I have been wanting to make pumpernickel bread for years.  I have found recipe after recipe but none of them really caught my attention.  After having such great success with Smitten Kitchen’s New York Deli Style Rye Bread, a few weeks ago I thought it would be great to try Deb’s Black Bread recipe.

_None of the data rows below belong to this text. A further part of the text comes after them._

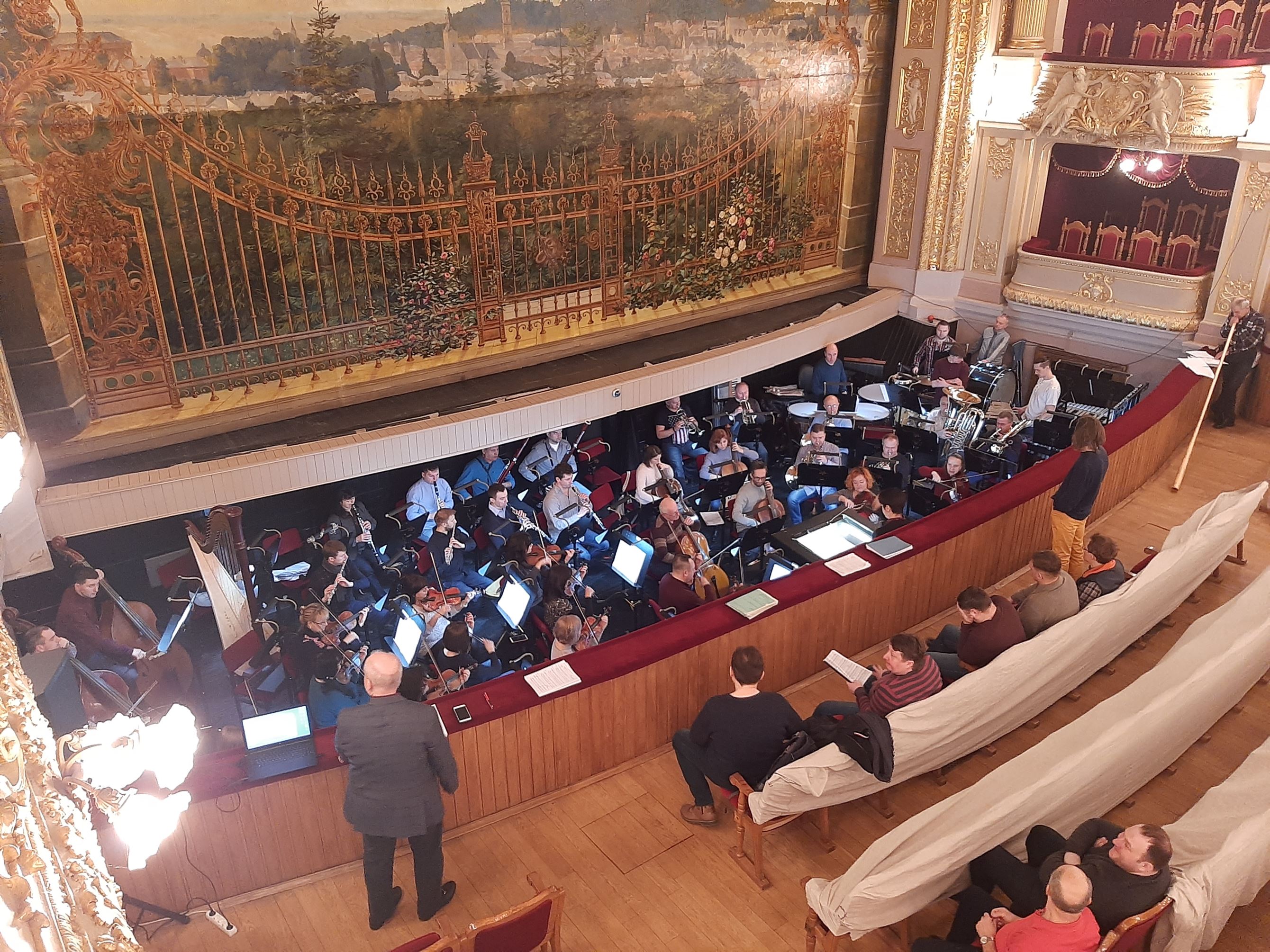 У звучання оркестру вслухаються композитор Іван Небесний та солісти, які розмістилися у залі для глядачів і вплітають у загальну тканину свої партії. Атмосфера дуже творча й цікава.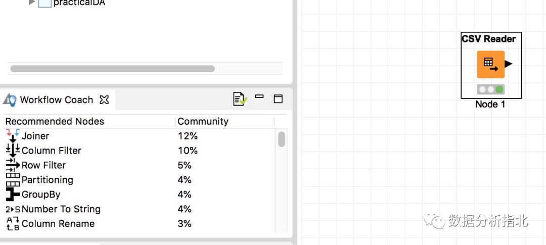 左中,就是一个比较有意思的功能了,Workflow Coach,比如在上图的这一个分析任务中,已经放入了一个读取CSV文件的模块,这个模块接下来需要连接什么模块,在 Workflow Coach 中会根据社区的统计信息,给出建议,比如在 CSV Reader 之后,他给出了如下的建议: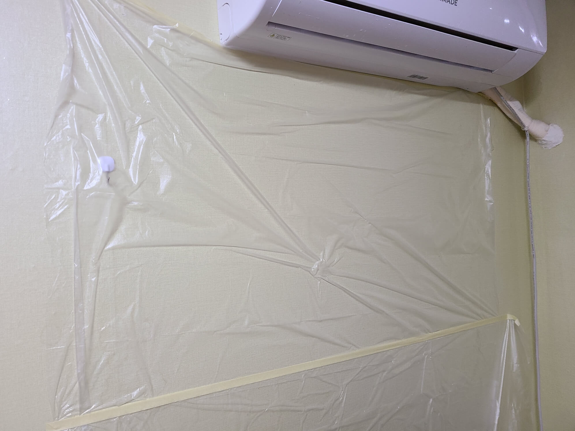 ▼에어컨 청소를 하시기 전에 이렇게 커버 비닐을 활용해서 떨어지는 물들을 바구니에 들어오도록 물길을 만들어 주었습니다. 커버테이프는 꼭 하시는 것을 추천드려요 커버테이프는 알파문구점, 첨문점 등에서 판매한답니다.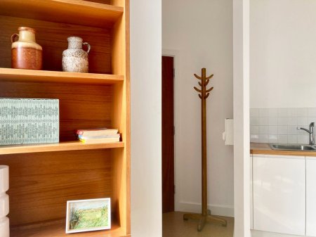 The flat has original mid-century furnishings, wide screen TV, a wealth of plants to bring the outdoors in and a neat, well-presented shower room. Up on the second floor is a bright, spacious and beautifully furnished double bedroom with gable roof and exposed beams. There is a shared, ground floor utility area with flagstone floors, washing machine and tumble dryer.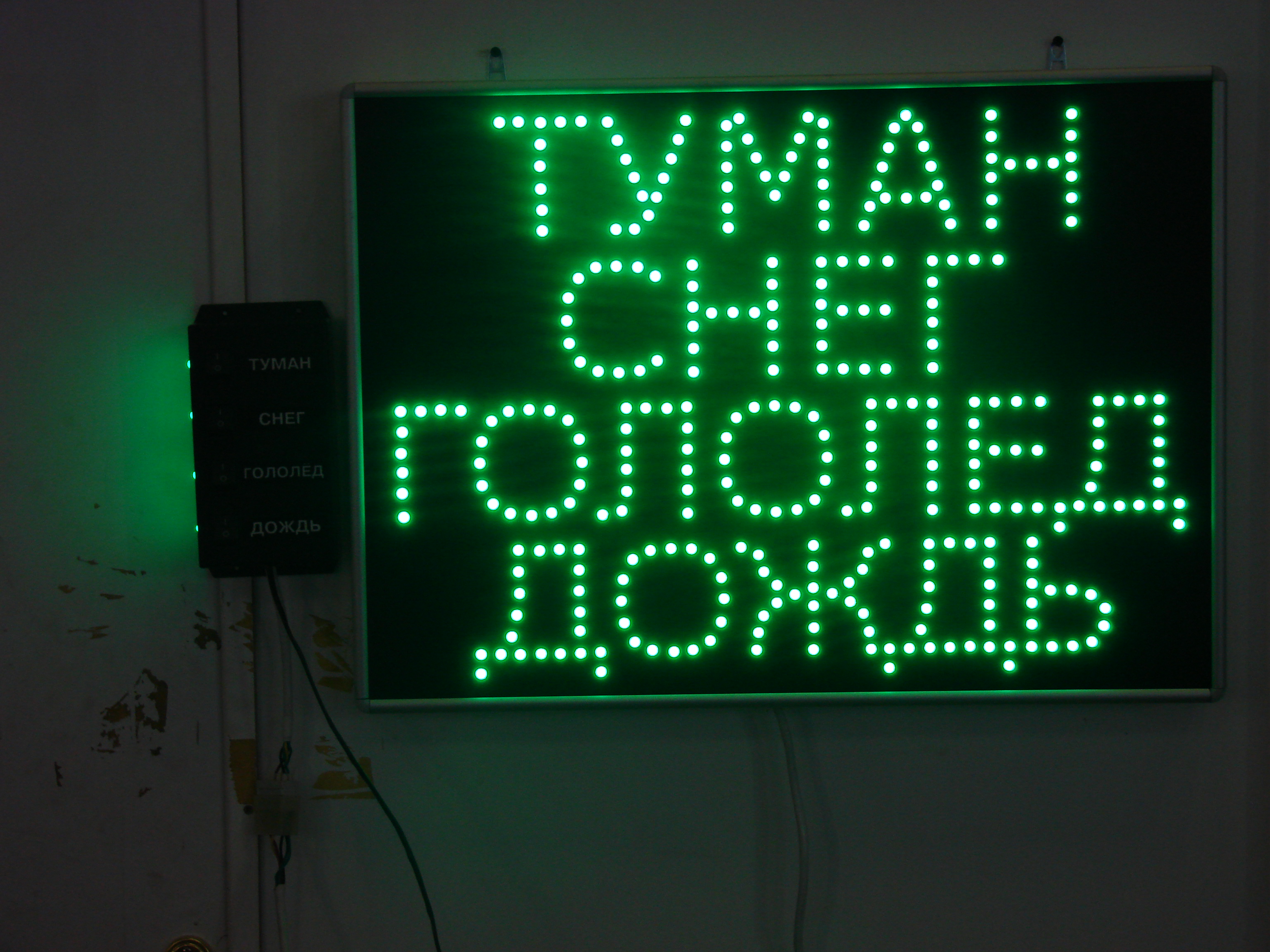 Световое табло "Туман, снег, гололед, дождь" - преднозначено для обозночения погодных условий, на автобазах и автотранспортных предприятиях. Подсветка выполнена из мощных светодиодов.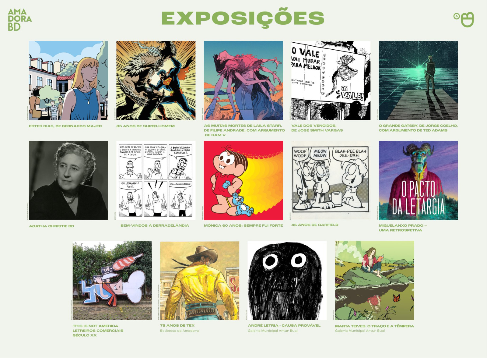 Este ano os grandes clássicos não faltam e até domingo podes ver em detalhe, a exposição "Estes dias" de Bernardo Majer, o vencedor do Prémio BD do ano passado, a exposição "85 anos de Super Homem", a exposição "Garfield 45 anos", a exposição "Agatha Christie na BD", "75 anos de Tex", entre outras como podes ver na imagem em baixo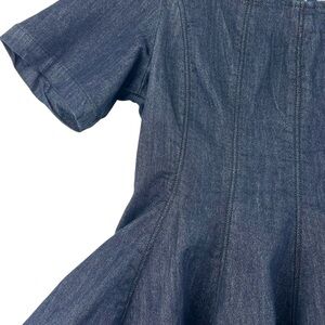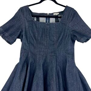 Anthropologie Pilcro Short-Sleeve Square-Neck Denim Mini Dress Sz L Blue Flare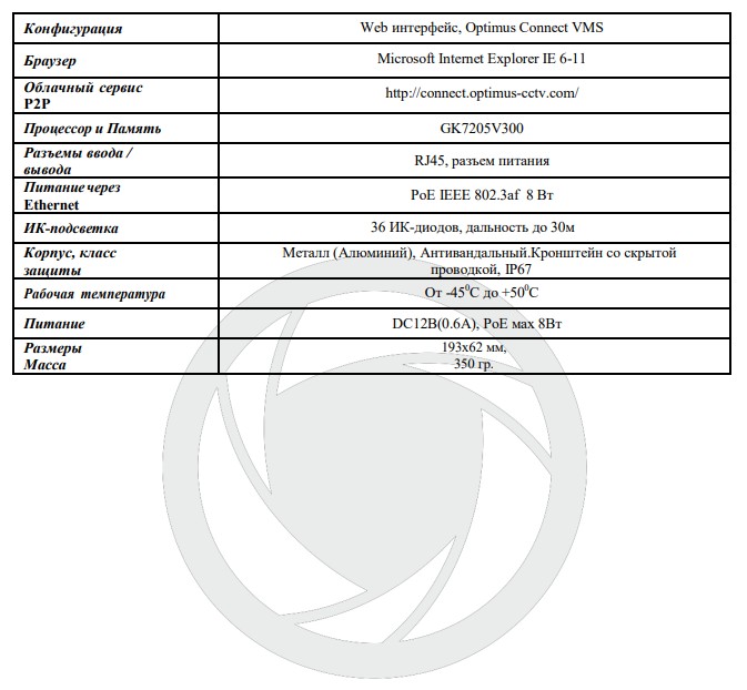 Камера выполнена в металлическом антивандальном корпусе степенью защиты IP67. Рабочая температура от -45° С до +50° С.
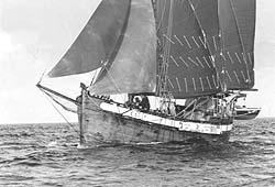 | イルカ観測プロジェクトでは、約100年前に建造された漁業用帆船を改装した全木製のクルーザーで研究者と世界各地から参加したボランティアが2週間を共に過ごした。 |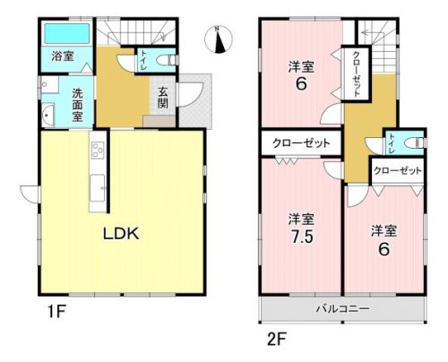 【バルコニー】2階7.5帖洋室から見たバルコニー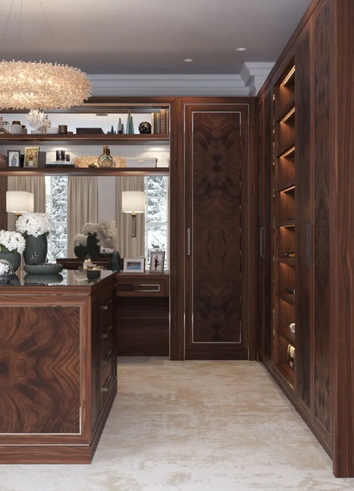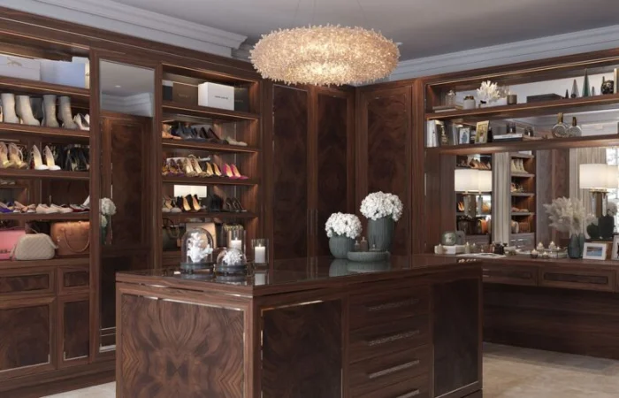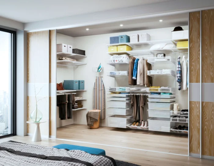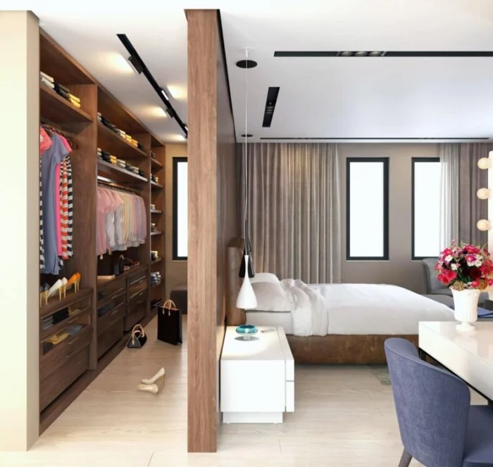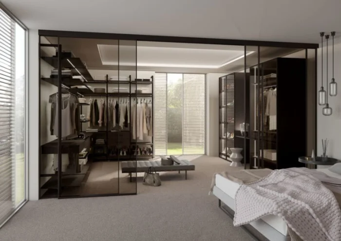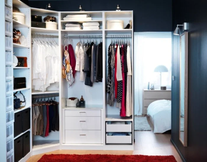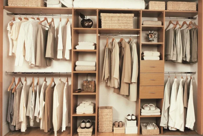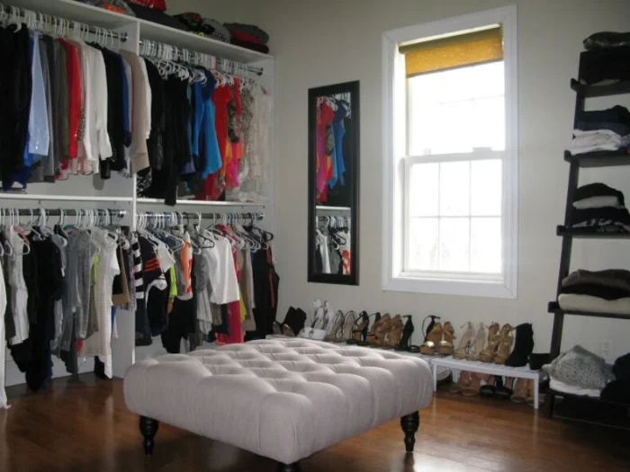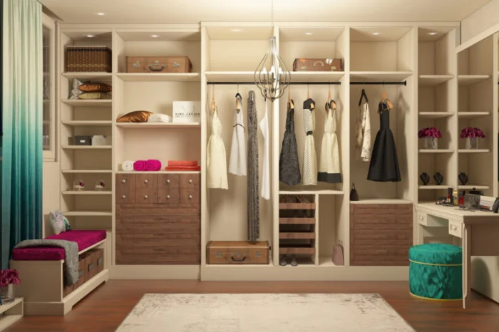 Гардеробная должна быть изолирована. Это защитит вещи от пыли, кухонных запахов и просто позволит поддерживать в ней свой, особый микроклимат. Вариантов несколько:

Russian Black Bread is similar to Pumpernickel but it has a slightly different taste and a few extra ingredients.  Russian black bread consists of seventeen ingredients.  It contains three different types of flour, chocolate, espresso, shallots, caraway and fennel seeds, did you get all that 🙂  It is extremely fragrant when baking and will fill your home with a lovely warm aroma.  According to Deb, Russians butter the black bread, top it with caviar and then slug back a shot of ice cold vodka and then dart off to work.  I’m not so tough.  This bread is delightful for sandwiches or simply toasted and lightly buttered.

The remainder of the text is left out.